Get into the habit of writing together! This is the 12th day of my participation in the "Nuggets Daily New Plan · April Update Challenge", click to view the details of the event .
A service definition is the embodiment of Service Oriented Architecture (SOA), a core building block in BentoML, where the user defines the service runtime architecture and models the logic of the service.

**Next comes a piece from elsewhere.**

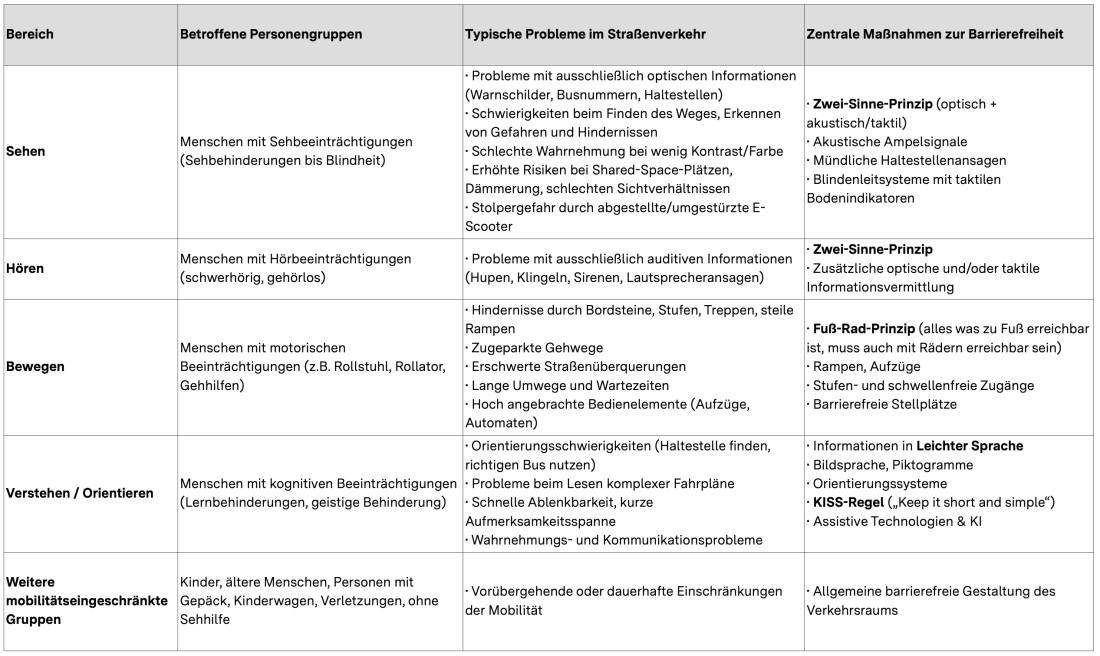 Die folgende Übersicht stellt anhand dieser Personengruppen typische Probleme im Straßenverkehr und mögliche Maßnahmen zur Barrierefreiheit dar:

This article will dissect and explain the key components in a service definition. This will give you a comprehensive understanding of what constitutes a service definition and the responsibilities of each key component.
component
The model service definition created in our previous quickstart guide is shown below.
# bento.py
import bentoml
import numpy as np
from bentoml.io import NumpyNdarray
# Load the runner for the latest ScikitLearn model we just saved
runner = bentoml.sklearn.load_runner("iris_classifier_model:latest")
# Create the iris_classifier_service with the ScikitLearn runner
svc = bentoml.Service("iris_classifier_service", runners=[runner])
# Create API function with pre- and post- processing logic
@svc.api(input=NumpyNdarray(), output=NumpyNdarray())
def predict(input_array: np.ndarray) -> np.ndarray:
# Define pre-processing logic
result = runner.run(input_array)
# Define post-processing logic
return result
复制代码
From the above it can be seen that the BentoML service consists of three components:
- Inference APIs
- Runners
- Service
Inference APIs
The inference API defines how to remotely access service functionality and customize preprocessing and postprocessing logic.
# Create API function with pre- and post- processing logic
@svc.api(input=NumpyNdarray(), output=NumpyNdarray())
def predict(input_array: np.ndarray) -> np.ndarray:
# Define pre-processing logic
result = runner.run(input_array)
# Define post-processing logic
return result
复制代码
By @svc.api
decorating a function with, we declare that the function is part of the API that can be accessed remotely. A service can have one or more APIs. @svc.api
The input and output parameters of the decorator further define the expected IO (input output) format of the API.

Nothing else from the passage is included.